| Work task |
Below are some records. Write out the lines from the one containing "हाल ही में, केंद्रीय" to the last line, word for word, leaving out pictures.

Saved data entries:
_ _ _ _

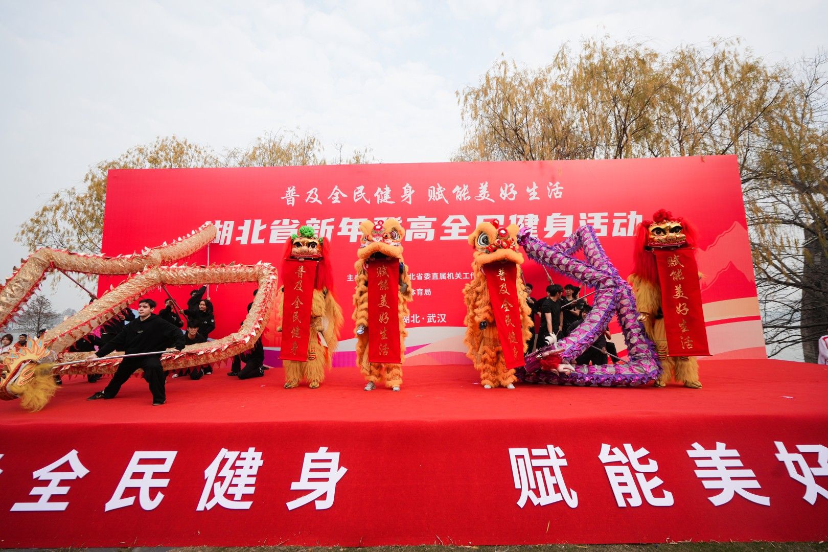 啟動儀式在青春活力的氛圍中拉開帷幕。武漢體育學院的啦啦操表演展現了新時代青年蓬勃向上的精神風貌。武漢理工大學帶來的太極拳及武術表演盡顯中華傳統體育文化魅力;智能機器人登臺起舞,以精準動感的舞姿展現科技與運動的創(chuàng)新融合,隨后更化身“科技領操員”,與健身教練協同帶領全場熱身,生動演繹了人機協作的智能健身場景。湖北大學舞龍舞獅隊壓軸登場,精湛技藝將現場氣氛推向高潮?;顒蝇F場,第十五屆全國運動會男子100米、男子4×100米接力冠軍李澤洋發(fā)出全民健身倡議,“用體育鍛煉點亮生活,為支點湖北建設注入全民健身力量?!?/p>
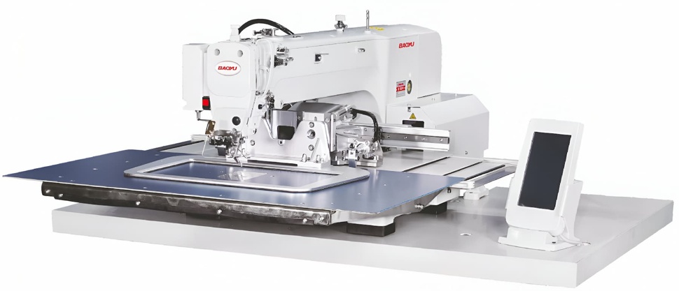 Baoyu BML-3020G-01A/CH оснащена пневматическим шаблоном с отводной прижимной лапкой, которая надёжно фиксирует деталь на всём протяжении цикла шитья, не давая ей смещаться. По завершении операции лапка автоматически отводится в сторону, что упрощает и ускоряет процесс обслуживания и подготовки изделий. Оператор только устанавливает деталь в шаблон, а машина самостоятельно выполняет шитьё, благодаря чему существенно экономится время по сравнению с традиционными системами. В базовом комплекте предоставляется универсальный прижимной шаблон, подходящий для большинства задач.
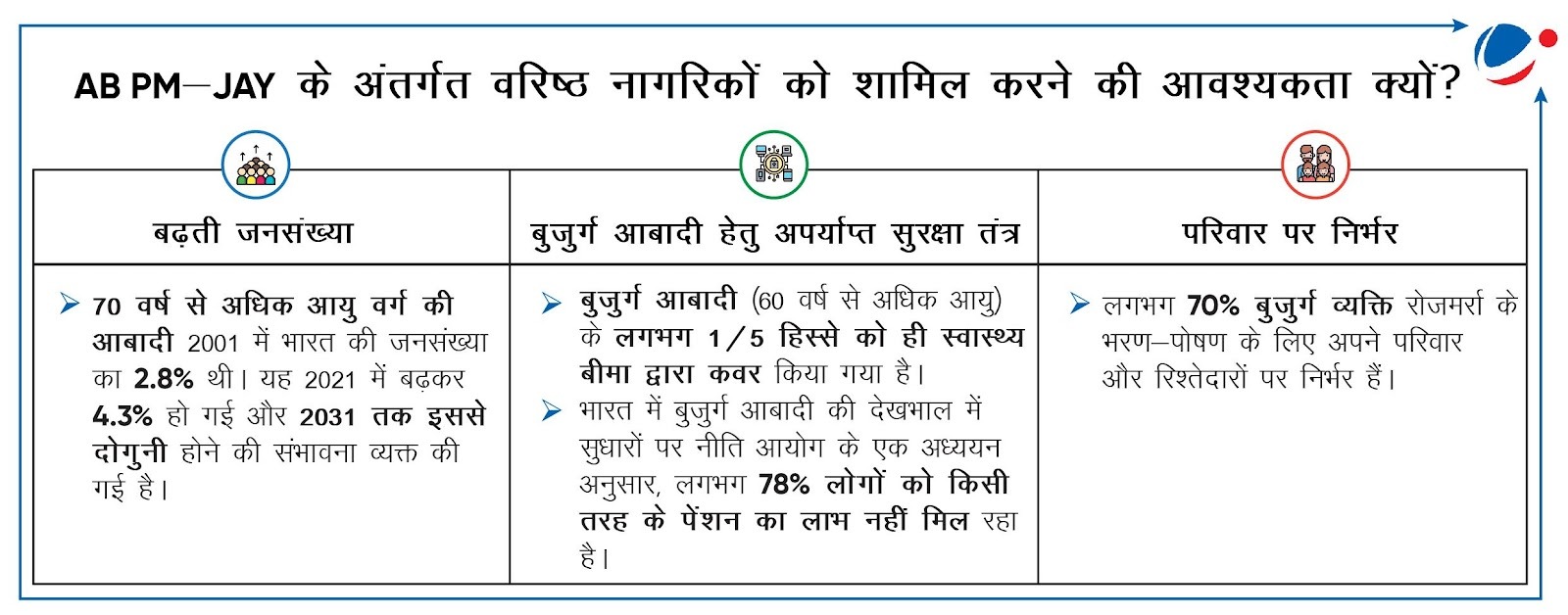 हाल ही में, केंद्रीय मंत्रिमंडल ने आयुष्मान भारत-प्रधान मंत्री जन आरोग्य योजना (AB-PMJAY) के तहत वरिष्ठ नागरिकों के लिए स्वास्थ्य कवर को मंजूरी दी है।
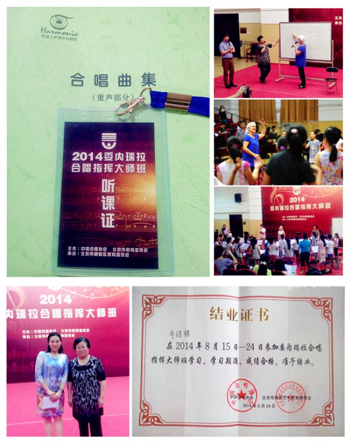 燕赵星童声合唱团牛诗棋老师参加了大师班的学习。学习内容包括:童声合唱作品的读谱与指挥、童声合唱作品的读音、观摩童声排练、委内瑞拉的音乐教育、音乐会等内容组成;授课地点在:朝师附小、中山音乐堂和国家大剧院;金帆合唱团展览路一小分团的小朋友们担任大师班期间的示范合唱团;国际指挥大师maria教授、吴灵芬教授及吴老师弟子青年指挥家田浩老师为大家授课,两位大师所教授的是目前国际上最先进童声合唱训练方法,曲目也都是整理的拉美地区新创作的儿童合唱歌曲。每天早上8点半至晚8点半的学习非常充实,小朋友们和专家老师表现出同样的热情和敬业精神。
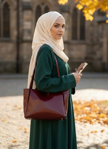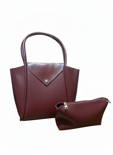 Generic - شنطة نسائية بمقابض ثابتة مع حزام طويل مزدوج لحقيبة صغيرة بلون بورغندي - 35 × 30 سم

_ _ _ _

| Exercise answer |
 हाल ही में, केंद्रीय मंत्रिमंडल ने आयुष्मान भारत-प्रधान मंत्री जन आरोग्य योजना (AB-PMJAY) के तहत वरिष्ठ नागरिकों के लिए स्वास्थ्य कवर को मंजूरी दी है।
 燕赵星童声合唱团牛诗棋老师参加了大师班的学习。学习内容包括:童声合唱作品的读谱与指挥、童声合唱作品的读音、观摩童声排练、委内瑞拉的音乐教育、音乐会等内容组成;授课地点在:朝师附小、中山音乐堂和国家大剧院;金帆合唱团展览路一小分团的小朋友们担任大师班期间的示范合唱团;国际指挥大师maria教授、吴灵芬教授及吴老师弟子青年指挥家田浩老师为大家授课,两位大师所教授的是目前国际上最先进童声合唱训练方法,曲目也都是整理的拉美地区新创作的儿童合唱歌曲。每天早上8点半至晚8点半的学习非常充实,小朋友们和专家老师表现出同样的热情和敬业精神。
 Generic - شنطة نسائية بمقابض ثابتة مع حزام طويل مزدوج لحقيبة صغيرة بلون بورغندي - 35 × 30 سم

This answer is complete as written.